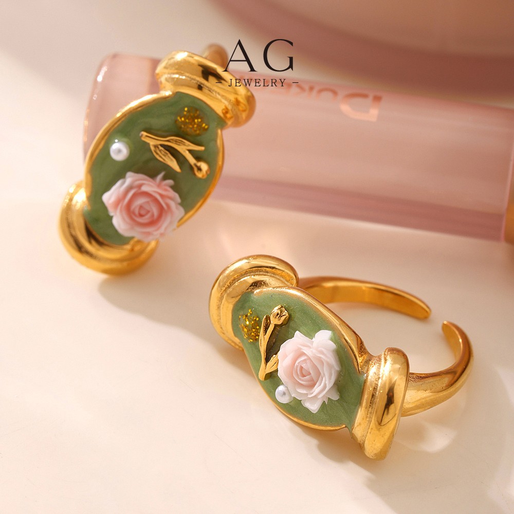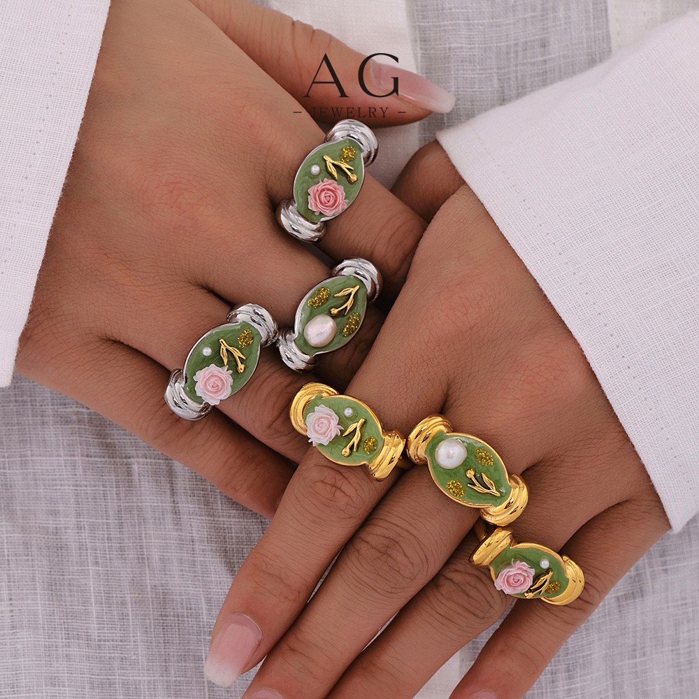 AG Stainless Steel Rose Flower Ring Romantic Jewelry Bulk Order Custom Design AGA092
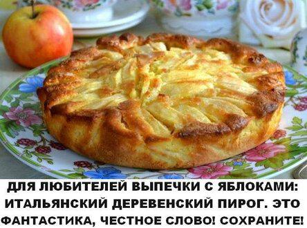 ДЛЯ ЛЮБИТЕЛЕЙ ВЫПЕЧКИ С ЯБЛОКАМИ: ИТАЛЬЯНСКИЙ ДЕРЕВЕНСКИЙ ПИРОГ. ИТАЛЬЯНСКИЙ ДЕРЕВЕНСКИЙ ПИРОГ Ингредиенты: Мука пшеничная—180 г Яблоко—4 шт Желток яичный—2
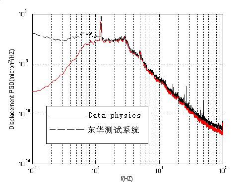 这一步采用的校核方法是:把不同系统采集到的原始数据信号(速度信号)分别输入到DATA Physics进行分析,在同一张图中画出相应的位移功率谱密度曲线,通过比较这两条曲线的重合度来判定所获得的原始数据是否可靠。
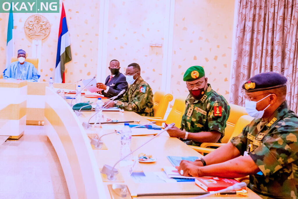 President Muhammadu Buhari on Thursday met with the service chiefs at the presidential villa in Abuja, the federal capital territory.
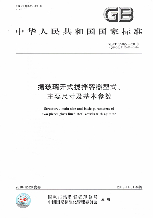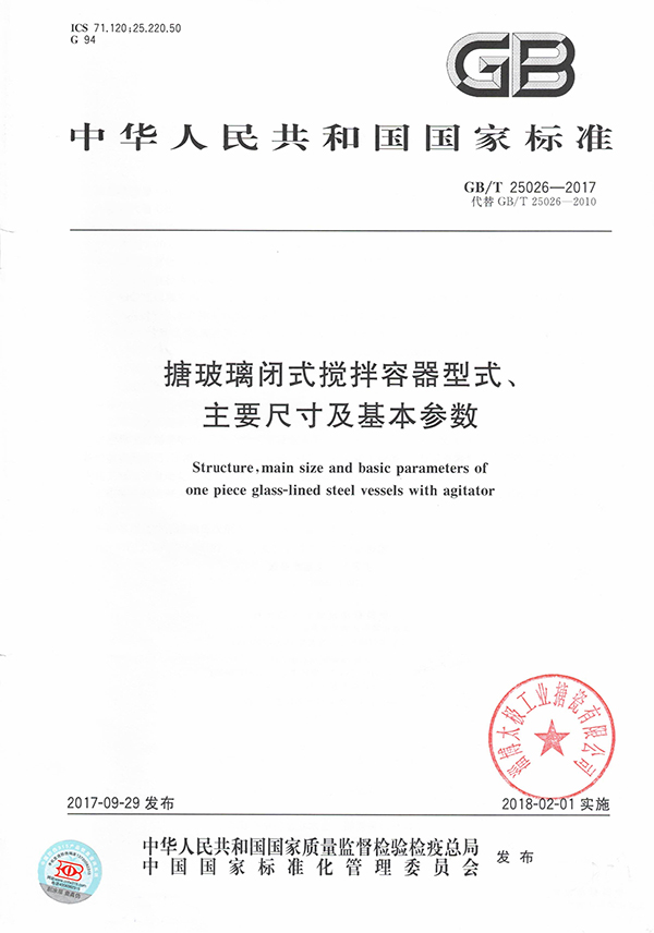 起草制定《搪玻璃閉式攪拌容器型式、主要尺寸及基本參數(shù)》行業(yè)國家標準

+--

*Exercise directions*
With pictures removed, write out exactly each line of the entries from the first through the line that holds "这一步采用的校核方法是:把不".

*Result of this task*
 AG Stainless Steel Rose Flower Ring Romantic Jewelry Bulk Order Custom Design AGA092
 ДЛЯ ЛЮБИТЕЛЕЙ ВЫПЕЧКИ С ЯБЛОКАМИ: ИТАЛЬЯНСКИЙ ДЕРЕВЕНСКИЙ ПИРОГ. ИТАЛЬЯНСКИЙ ДЕРЕВЕНСКИЙ ПИРОГ Ингредиенты: Мука пшеничная—180 г Яблоко—4 шт Желток яичный—2
 这一步采用的校核方法是:把不同系统采集到的原始数据信号(速度信号)分别输入到DATA Physics进行分析,在同一张图中画出相应的位移功率谱密度曲线,通过比较这两条曲线的重合度来判定所获得的原始数据是否可靠。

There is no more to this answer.